Um representante comercial identificado como José Maria Batista, de 39 anos, morreu na noite desta segunda-feira(25), em um acidente no KM 219, da BR-316, entre as cidades de Inhuma e Valença. O corpo da vítima ficou no acostamento até a chegada do Instituto Médico Legal (IML) na manhã desta terça(26), quase 10 horas após o acidente. 

De acordo com informações da Polícia Rodoviária Federal (PRF), houve uma colisão frontal envolvendo o carro conduzido por José, modelo Prisma, e uma carreta, conduzido por um homem de 36 anos que saiu ileso.

"Os policiais que estiveram no local no local do acidente verificaram, preliminarmente, através de testemunhas e do condutor da carreta que o veículo de passeio invadiu inadvertidamente a faixa contrária vindo a colidir com o veículo de carga", informou a PRF. 

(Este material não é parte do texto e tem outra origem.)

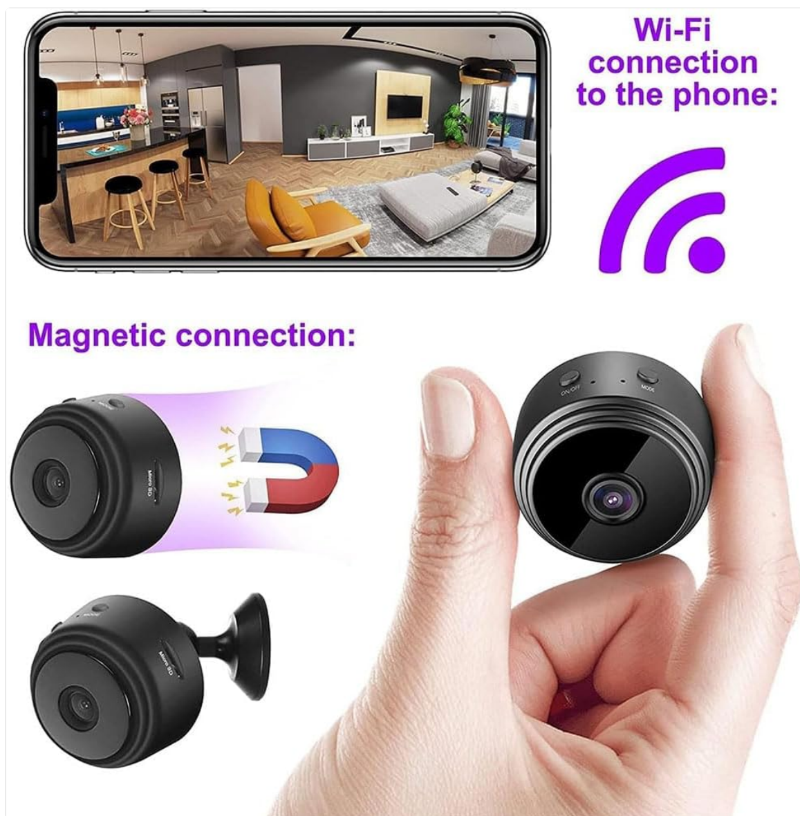
Image: Illustration of Wi-Fi connection to a smartphone and the camera's magnetic attachment feature.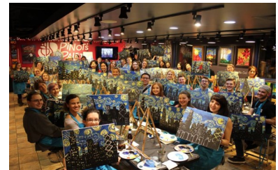
Photo: International Club at Pinot's Palette Naperville

José era representante da marca Eudora, e seguia sozinho no carro quando sofreu o acidente. O corpo do representante ficou preso às ferragens. O Corpo de Bombeiros e a Polícia Rodoviária Federal foram acionados para fazer a remoção.

Fotos: Divulgação PRF

De acordo com com a PRF, a Polícia Civil e o IML foram acionados para os procedimentos necessários,  porém a Perícia Criminal e o IML chegaram ao local somente nesta terça, por volta de 08h10. Durante todo o período houve interdição de uma das faixas da pista, porém não foram registrados congestionamentos.

O diretor do Departamento de Polícia Técnico-Científica do Piauí, médico legista Antônio Nunes, esclarece que o setor recebeu a requisição para atendimento da ocorrência às 6h. A equipe da Perícia Criminal e do Instituto de Medicina Legal chegaram ao local às 8h. 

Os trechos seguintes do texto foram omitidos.